My Lords, I am very grateful to have the support of the noble Lord, Lord Coaker. I introduced Amendment 126 and 127 to bring the Bill into line with international and domestic law regarding the duty of the master of a vessel to respond to a
distress signal at sea if he, or she, is able to do so. By removing the words “for gain” from the facilitation offence, a dilemma is created. Those who help asylum seekers are likely to be prosecuted, yet there is also a duty on the master of a vessel to respond to a signal of distress at sea. This dilemma was recognised, in part, by the Government, and an amendment was introduced on Report in the other place—but it does not go far enough. It does not fully recognise the unique duty placed on the master of a vessel to respond to a distress signal without delay.
New Section 25BA of the Immigration Act 1971, as introduced by this Bill, provides protection from prosecution only if the rescue is co-ordinated by HM Coastguard or another search and rescue organisation. This may not always be the case, even in genuine situations of distress, especially for small vessels that are not equipped with modern communications equipment and methods of raising electronic distress alerts.
The United Nations Convention on the Law of the Sea is clear. Article 98 states:
“Every State shall require the master of a ship flying its flag ... to render assistance to any person found at sea in danger of being lost”.
The Safety of Life at Sea Convention’s Regulation 33 states:
“The master of a ship at sea which is in a position to be able to provide assistance on receiving a signal, from any source, that persons are in distress at sea, is bound to proceed with all speed to their assistance”.
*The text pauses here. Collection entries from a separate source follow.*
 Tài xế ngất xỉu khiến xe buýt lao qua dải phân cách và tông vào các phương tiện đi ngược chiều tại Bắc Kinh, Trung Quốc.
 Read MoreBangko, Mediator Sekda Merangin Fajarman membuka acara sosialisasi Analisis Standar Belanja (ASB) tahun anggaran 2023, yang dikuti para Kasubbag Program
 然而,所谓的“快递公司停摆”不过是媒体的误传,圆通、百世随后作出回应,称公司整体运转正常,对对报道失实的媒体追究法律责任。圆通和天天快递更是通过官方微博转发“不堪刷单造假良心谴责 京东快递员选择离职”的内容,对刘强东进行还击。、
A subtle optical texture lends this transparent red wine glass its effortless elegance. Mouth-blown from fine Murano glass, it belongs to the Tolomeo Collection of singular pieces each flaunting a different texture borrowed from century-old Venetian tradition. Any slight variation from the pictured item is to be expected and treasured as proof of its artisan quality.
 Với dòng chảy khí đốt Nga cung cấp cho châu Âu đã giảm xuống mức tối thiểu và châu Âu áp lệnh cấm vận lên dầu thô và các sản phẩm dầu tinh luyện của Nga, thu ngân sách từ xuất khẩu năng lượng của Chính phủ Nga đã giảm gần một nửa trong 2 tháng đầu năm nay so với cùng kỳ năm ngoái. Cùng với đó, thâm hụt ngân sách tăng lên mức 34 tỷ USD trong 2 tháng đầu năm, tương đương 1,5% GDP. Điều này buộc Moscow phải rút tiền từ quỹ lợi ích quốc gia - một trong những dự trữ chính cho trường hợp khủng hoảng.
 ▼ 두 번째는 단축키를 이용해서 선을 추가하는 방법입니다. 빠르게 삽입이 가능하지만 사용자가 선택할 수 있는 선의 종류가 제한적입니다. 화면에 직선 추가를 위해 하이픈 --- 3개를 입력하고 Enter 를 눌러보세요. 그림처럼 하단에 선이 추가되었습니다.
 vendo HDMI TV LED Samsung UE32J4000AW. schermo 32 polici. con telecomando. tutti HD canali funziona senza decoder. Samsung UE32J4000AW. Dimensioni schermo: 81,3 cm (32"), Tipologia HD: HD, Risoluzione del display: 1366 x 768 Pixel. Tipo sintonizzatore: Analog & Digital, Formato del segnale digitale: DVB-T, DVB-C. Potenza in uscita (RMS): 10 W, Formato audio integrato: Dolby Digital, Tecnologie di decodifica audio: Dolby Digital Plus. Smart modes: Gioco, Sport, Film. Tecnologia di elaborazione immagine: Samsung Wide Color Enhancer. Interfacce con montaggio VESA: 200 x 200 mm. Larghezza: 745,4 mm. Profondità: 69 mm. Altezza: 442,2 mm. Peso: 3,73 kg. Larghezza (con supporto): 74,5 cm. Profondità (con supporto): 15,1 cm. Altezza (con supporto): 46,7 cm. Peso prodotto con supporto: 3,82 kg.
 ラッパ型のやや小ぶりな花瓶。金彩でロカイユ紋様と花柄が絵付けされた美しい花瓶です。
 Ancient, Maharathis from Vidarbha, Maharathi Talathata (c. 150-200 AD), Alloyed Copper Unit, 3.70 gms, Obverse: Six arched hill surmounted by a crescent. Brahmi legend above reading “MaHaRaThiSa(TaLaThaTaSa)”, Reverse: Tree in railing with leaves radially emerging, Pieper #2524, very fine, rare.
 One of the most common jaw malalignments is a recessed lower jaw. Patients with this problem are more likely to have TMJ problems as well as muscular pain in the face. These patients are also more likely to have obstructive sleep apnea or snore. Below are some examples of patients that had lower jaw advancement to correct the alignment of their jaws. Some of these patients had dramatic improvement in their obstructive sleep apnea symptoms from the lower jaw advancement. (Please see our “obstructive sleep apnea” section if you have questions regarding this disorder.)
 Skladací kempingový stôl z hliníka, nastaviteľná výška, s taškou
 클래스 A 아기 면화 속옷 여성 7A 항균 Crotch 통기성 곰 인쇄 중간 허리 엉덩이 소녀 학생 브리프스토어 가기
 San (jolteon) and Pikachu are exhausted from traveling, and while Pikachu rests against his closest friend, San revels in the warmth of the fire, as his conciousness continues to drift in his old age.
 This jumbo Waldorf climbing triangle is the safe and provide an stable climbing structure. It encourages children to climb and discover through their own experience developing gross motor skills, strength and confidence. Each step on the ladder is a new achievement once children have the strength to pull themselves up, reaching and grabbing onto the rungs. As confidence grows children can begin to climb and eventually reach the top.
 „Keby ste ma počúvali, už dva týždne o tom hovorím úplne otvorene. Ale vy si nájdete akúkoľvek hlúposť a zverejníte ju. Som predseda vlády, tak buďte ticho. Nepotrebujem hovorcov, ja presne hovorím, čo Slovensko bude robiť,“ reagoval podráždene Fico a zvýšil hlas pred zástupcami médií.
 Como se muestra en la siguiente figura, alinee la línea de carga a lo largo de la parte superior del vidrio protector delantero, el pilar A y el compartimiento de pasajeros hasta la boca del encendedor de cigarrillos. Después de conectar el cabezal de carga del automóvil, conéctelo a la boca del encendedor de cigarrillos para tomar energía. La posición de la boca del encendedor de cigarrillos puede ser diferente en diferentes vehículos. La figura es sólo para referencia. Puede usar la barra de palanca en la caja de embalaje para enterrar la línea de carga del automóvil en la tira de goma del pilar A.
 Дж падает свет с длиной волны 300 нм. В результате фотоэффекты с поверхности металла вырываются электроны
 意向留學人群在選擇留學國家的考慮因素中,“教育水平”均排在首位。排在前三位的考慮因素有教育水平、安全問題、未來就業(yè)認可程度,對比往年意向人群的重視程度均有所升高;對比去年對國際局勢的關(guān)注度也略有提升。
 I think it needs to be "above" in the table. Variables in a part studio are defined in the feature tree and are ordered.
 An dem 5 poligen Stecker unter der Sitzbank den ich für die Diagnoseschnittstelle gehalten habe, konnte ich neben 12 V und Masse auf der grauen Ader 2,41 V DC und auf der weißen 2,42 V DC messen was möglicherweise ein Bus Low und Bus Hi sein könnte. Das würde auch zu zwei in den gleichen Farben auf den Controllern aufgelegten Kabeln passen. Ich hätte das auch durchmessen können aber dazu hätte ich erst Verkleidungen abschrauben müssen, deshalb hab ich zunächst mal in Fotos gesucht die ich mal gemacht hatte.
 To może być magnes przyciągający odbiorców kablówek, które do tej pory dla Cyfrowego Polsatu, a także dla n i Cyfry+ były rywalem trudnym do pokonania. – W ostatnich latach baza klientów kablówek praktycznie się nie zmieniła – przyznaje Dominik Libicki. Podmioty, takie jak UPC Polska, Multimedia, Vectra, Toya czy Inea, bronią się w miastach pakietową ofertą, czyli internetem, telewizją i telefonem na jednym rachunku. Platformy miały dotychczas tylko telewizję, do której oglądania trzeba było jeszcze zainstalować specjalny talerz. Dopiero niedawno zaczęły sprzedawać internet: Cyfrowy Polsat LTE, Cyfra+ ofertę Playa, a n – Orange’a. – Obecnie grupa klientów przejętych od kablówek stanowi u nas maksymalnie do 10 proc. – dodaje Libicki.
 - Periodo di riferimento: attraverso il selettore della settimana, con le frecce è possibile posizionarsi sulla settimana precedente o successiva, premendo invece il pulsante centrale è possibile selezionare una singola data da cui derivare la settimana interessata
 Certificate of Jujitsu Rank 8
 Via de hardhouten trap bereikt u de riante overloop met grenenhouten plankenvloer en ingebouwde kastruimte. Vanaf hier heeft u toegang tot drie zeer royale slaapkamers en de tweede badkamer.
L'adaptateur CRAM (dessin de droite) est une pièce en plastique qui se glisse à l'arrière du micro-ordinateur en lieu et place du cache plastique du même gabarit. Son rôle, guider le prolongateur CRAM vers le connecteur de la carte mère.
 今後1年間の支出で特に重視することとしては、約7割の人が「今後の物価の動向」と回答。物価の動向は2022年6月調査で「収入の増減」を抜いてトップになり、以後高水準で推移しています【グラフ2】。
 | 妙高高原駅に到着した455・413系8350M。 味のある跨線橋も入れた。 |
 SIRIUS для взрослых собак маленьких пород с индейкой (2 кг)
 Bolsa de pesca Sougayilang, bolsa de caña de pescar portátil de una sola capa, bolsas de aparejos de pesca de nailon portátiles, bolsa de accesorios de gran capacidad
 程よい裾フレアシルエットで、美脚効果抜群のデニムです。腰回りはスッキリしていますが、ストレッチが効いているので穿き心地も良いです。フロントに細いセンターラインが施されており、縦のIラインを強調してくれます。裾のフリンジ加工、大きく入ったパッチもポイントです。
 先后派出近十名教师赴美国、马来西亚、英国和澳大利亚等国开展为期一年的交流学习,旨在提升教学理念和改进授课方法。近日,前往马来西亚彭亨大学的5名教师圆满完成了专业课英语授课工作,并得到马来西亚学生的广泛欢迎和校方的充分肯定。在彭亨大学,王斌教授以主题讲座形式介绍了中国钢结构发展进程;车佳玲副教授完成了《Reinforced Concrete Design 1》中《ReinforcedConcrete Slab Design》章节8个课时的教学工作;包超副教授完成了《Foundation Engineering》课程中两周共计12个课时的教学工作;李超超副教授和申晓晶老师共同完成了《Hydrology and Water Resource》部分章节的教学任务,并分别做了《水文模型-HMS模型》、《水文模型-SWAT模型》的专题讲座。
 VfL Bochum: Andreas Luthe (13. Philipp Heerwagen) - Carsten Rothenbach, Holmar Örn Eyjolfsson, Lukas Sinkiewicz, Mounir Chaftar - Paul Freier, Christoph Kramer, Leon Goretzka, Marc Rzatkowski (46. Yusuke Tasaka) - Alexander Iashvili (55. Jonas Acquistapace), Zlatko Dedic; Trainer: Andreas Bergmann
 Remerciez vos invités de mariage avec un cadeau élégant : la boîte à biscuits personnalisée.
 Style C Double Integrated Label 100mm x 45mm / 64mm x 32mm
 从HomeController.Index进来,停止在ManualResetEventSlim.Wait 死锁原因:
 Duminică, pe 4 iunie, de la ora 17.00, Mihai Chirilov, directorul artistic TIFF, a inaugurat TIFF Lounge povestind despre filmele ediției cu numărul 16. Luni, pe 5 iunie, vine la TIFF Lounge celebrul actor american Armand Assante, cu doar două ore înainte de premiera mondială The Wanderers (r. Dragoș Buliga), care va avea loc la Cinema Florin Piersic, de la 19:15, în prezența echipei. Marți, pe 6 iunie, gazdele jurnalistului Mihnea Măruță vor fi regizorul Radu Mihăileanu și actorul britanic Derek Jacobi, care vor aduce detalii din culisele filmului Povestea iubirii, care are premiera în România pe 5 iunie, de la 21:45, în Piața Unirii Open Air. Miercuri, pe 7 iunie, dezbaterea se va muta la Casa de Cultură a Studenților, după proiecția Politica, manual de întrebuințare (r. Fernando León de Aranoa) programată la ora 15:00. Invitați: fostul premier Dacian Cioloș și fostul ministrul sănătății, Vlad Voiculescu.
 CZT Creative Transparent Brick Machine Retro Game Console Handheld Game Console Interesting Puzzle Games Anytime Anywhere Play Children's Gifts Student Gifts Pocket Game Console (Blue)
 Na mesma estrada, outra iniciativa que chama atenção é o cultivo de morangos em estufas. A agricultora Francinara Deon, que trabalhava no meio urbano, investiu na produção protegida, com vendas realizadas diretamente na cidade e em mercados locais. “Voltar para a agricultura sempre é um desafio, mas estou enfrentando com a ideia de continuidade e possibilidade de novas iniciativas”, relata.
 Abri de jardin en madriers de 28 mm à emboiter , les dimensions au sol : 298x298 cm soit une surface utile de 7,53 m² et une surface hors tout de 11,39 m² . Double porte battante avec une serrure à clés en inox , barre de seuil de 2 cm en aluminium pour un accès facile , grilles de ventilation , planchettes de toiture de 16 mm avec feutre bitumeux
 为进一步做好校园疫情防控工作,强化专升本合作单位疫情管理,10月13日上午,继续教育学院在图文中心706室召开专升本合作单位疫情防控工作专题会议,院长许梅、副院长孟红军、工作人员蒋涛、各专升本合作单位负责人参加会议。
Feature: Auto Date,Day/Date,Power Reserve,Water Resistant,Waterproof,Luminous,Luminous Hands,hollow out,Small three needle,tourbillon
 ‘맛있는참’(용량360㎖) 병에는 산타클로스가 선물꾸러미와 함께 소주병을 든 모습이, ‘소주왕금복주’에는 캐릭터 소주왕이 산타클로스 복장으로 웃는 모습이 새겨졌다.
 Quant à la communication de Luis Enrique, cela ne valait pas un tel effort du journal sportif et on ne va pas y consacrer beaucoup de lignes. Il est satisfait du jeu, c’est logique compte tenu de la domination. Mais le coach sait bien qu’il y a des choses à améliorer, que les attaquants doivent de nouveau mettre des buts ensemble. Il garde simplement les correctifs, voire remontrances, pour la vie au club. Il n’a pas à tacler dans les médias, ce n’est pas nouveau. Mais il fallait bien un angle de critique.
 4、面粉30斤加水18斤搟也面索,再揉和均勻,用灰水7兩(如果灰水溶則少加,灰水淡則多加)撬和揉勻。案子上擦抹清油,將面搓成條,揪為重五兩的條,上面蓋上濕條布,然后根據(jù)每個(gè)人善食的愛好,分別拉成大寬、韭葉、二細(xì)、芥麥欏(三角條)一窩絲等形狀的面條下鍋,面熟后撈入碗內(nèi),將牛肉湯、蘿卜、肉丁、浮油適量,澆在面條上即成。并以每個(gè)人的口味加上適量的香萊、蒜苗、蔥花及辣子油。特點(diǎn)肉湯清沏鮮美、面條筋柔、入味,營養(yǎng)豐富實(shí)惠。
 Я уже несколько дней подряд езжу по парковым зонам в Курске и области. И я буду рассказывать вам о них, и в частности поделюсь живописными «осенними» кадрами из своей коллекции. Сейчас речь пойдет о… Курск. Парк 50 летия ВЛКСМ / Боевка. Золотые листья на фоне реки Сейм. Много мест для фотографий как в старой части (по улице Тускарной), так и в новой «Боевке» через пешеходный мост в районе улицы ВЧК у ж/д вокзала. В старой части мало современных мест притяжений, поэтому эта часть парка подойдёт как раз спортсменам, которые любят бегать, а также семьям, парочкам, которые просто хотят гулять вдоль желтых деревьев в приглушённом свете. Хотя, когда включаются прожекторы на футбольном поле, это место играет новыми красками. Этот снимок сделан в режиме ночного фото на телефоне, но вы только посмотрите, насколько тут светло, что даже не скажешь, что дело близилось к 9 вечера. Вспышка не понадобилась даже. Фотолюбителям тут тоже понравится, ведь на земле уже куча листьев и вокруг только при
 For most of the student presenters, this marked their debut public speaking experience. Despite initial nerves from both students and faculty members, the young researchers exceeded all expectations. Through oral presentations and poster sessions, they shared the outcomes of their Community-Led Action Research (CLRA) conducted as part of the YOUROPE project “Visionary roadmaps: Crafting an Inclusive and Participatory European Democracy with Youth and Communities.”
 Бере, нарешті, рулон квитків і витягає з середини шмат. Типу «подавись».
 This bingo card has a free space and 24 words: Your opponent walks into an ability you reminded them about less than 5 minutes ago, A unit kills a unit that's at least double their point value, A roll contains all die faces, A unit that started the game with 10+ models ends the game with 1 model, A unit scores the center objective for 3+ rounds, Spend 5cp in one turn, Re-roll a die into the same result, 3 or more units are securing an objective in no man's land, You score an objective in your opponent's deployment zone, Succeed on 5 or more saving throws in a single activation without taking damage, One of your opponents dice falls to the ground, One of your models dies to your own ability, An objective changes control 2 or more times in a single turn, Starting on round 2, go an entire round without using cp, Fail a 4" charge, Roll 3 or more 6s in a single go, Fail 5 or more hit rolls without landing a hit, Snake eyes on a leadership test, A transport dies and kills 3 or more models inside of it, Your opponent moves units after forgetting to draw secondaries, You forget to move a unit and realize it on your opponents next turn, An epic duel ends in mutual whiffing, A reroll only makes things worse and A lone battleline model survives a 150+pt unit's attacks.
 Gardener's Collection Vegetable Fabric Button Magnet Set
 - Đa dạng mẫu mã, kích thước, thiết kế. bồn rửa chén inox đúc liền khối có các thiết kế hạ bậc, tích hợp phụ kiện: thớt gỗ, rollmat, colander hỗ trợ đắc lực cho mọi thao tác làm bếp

The Assistance and Salvage at Sea Convention of 1910, which is still current, states:
“Every master is bound, so far as he can do so without serious danger to his vessel, her crew and her passengers, to render assistance to everybody, even though an enemy, found at sea in danger of being lost.”
This long-standing duty of a master to render assistance to those in peril at sea in customary and in conventional international law is brought into effect through the distress messages regulations, which say:
“It shall be the duty of the master of a ship, on receiving at sea a distress alert, to proceed with all speed to the assistance of the persons in distress”.
Noble Lords will detect that these quotations have a common theme: that it is a specific duty on the master of a vessel to respond to a distress message without delay. It does not matter whether a search and rescue organisation is involved or not. Of course, it would be preferable that it was, but the duty on the master of a vessel to act immediately remains in all circumstances. In my view, it would be wrong to prosecute the master of a vessel for doing what the law requires him to do.
Similarly, there are specific duties on the masters of vessels when requisitioned, in distress situations and following a collision at sea. Although the Government amendment provides a defence for rescuers, it cannot be right that in obeying the very clear duties from the distress signals regulations, the master of a vessel may then face prosecution from another area of domestic law.
In times of conflict, the first Additional Protocol to the Geneva Conventions specifically prohibits the prosecution, conviction or punishment of a person for rescuing anyone in peril at sea. I believe that this protocol sets a minimum baseline for how one human
being should treat another, whatever their status or circumstances. It cannot be right that we should adopt a lower standard in times of peace than we do in times of war. I beg to move.